■ WHAT TO DO:
Your answer must be the lines from the one containing "여아 2025 여름 신상" through the last line below, copied exactly, with no pictures.

■ DATA BLOCK:
____
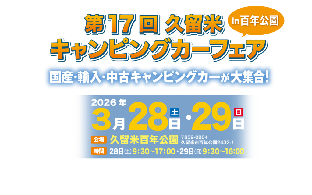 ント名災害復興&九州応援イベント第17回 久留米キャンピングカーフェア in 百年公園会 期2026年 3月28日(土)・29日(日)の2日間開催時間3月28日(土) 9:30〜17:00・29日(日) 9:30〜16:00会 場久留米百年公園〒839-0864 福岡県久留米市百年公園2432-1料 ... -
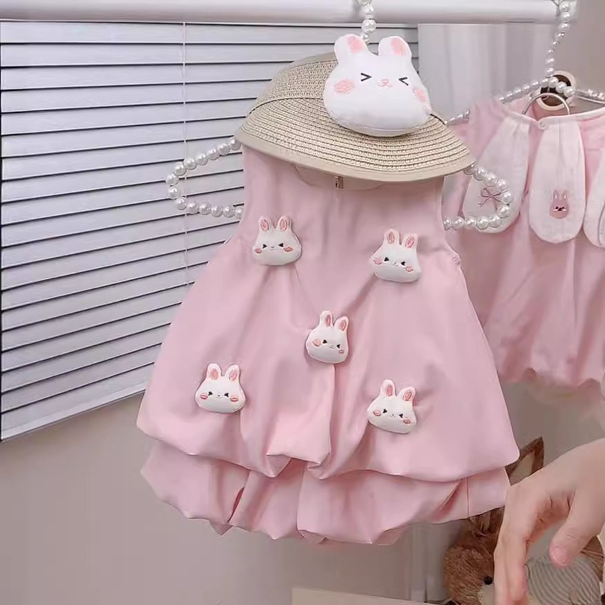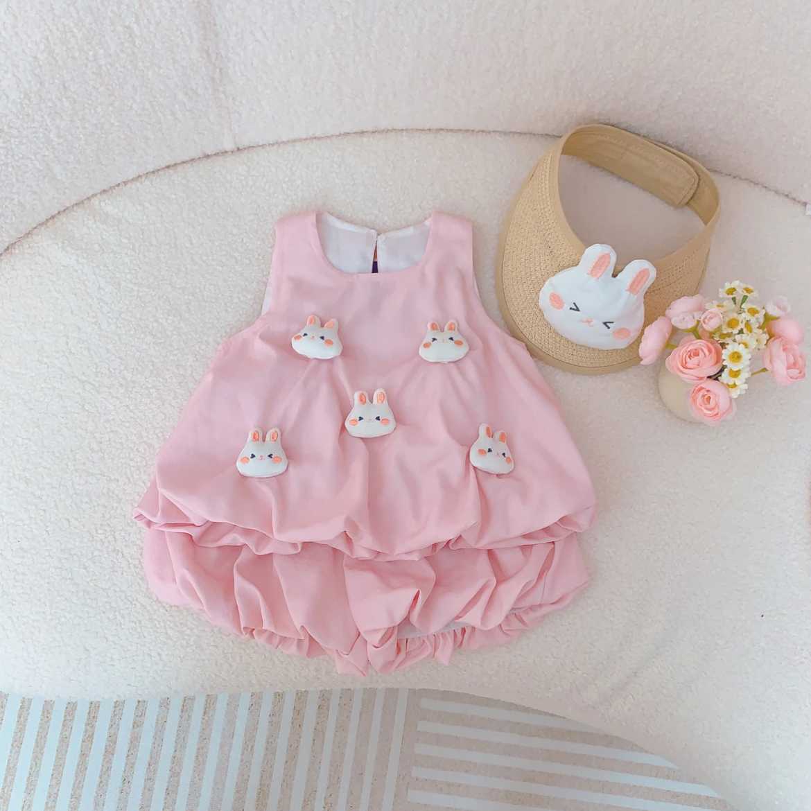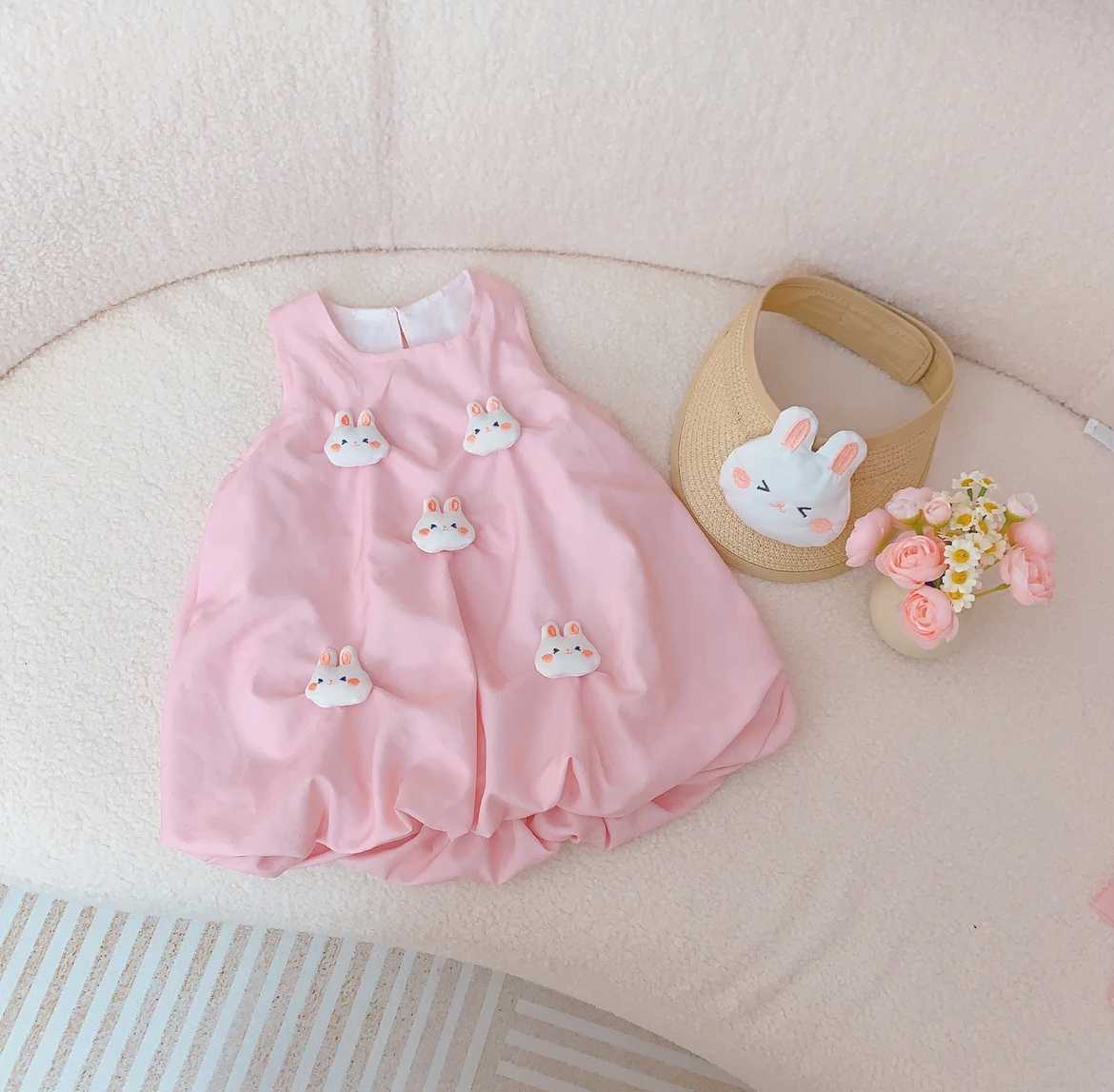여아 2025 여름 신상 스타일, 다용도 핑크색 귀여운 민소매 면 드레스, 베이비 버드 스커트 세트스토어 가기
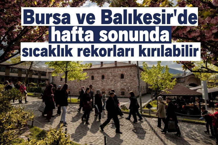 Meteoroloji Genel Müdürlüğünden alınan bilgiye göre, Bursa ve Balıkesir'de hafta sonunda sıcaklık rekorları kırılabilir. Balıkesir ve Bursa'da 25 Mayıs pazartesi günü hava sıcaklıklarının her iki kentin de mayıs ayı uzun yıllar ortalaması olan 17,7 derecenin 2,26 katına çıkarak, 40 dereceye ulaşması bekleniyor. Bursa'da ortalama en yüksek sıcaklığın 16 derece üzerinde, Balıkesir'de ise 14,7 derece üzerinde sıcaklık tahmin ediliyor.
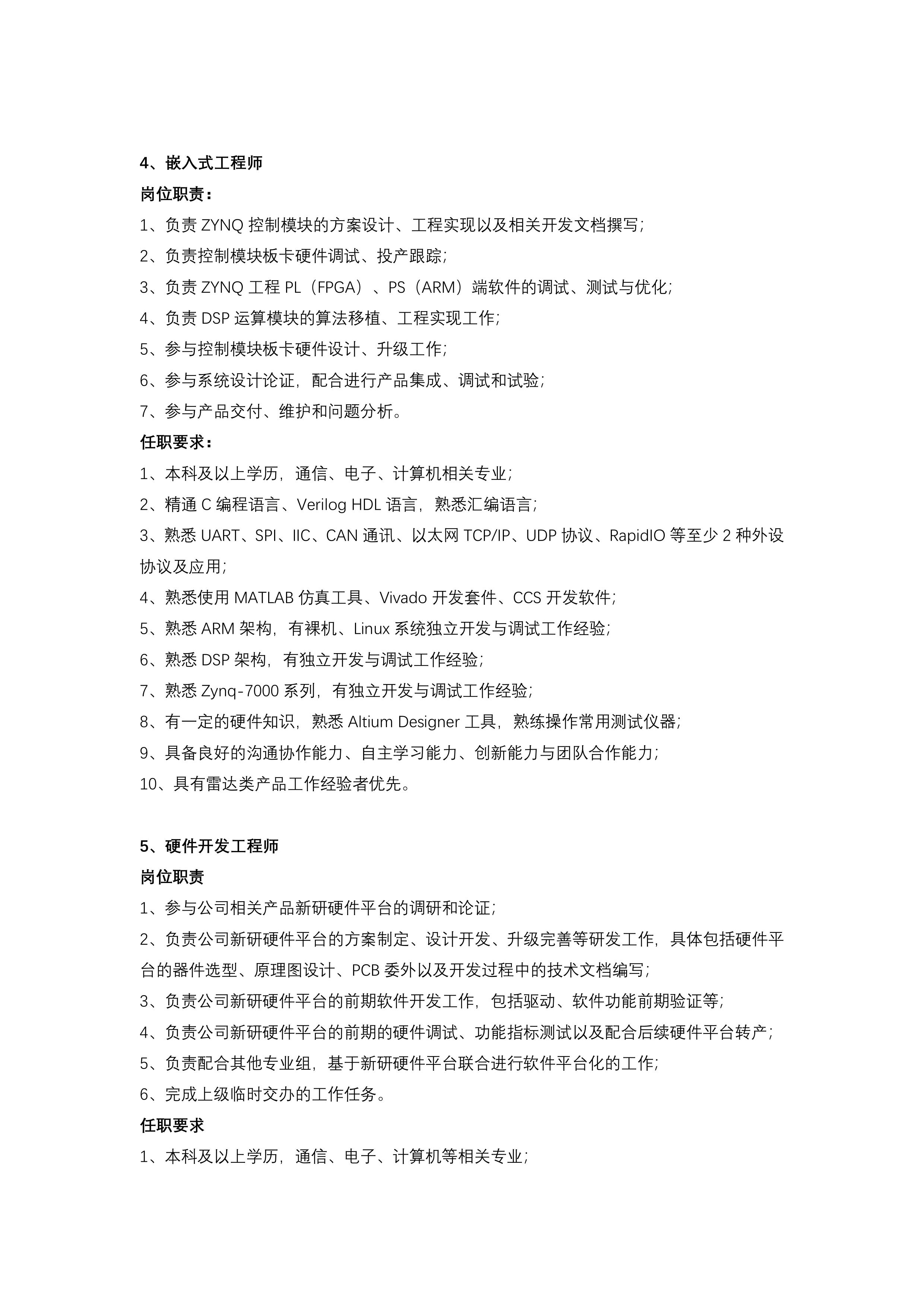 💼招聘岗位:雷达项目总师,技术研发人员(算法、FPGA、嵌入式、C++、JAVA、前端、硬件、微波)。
____
■ RESULT:
여아 2025 여름 신상 스타일, 다용도 핑크색 귀여운 민소매 면 드레스, 베이비 버드 스커트 세트스토어 가기
 Meteoroloji Genel Müdürlüğünden alınan bilgiye göre, Bursa ve Balıkesir'de hafta sonunda sıcaklık rekorları kırılabilir. Balıkesir ve Bursa'da 25 Mayıs pazartesi günü hava sıcaklıklarının her iki kentin de mayıs ayı uzun yıllar ortalaması olan 17,7 derecenin 2,26 katına çıkarak, 40 dereceye ulaşması bekleniyor. Bursa'da ortalama en yüksek sıcaklığın 16 derece üzerinde, Balıkesir'de ise 14,7 derece üzerinde sıcaklık tahmin ediliyor.
 💼招聘岗位:雷达项目总师,技术研发人员(算法、FPGA、嵌入式、C++、JAVA、前端、硬件、微波)。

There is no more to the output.